Concerning Louis Auchincloss's critical appreciation of Henry James: James himself would have enjoyed reading Reading Henry James, would have recognized something of his own critical familiarity and discrimination…. Reading Henry James is less persuasive introduction than illuminating commentary, the illumination assuming common familiarity and interest.
I found the commentary refreshing, intriguing, and challenging. Henry James emerges as clearly and easily from Auchincloss's few pages as he almost is submerged by Leon Edel's massively detailed volumes of biography. Auchincloss's critical discriminations are intriguing enough to initiate reevaluations of one's own. Finally, Auchincloss is forthright in his prejudices. The result is the sense of being party to a lively but mannerly debate between two masters of the art of conversation.
Alas, it is the fact that Auchincloss is a writer in his own right, one who has been linked with Jamesean traditions, that suggests the book's major fault. One misses the writer's crafty response to another writer. The all too few times that Auchincloss expresses himself as a writer merely whet our appetite.
The book is a treasure nevertheless. It recalls a time when criticism could be an intelligent, sensitive reading without the strain of proof, the tension of thesis. (p. 123)
James Hughes, in The Antioch Review (copyright © 1975 by The Antioch Review, Inc.; reprinted by permission of the editors), Vol. 33, No. 2, 1975.

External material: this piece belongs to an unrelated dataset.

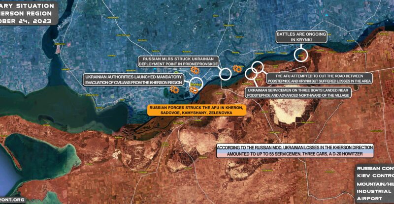 Ukrainian servicemen on three boats landed near Podstepnoe and advanced northward of the village; The AFU attempted to cut the…

Louis Auchincloss's idea of a Bicentennial celebration is to write a series of stories ["The Winthrop Covenant"] tracing, as he puts it, "the rise and fall of the puritan ethic in New York and New England." One can think of no more suitable project for a writer whose career demonstrates the continuing ability of that ethic to animate human activity….
As in his previous fictions, Auchincloss … addresses himself to the basic issue that recurs again and again in "The Winthrop Covenant": the anguish that accrues to individuals who break faith with a code of conduct that surely began as part of a basic bargain with the Almighty, but has become in recent times merely a binding tradition. His novels are littered with men and women who broke with their code—whether through peculation or adultery or simply by marrying beneath their stations—and paid the price.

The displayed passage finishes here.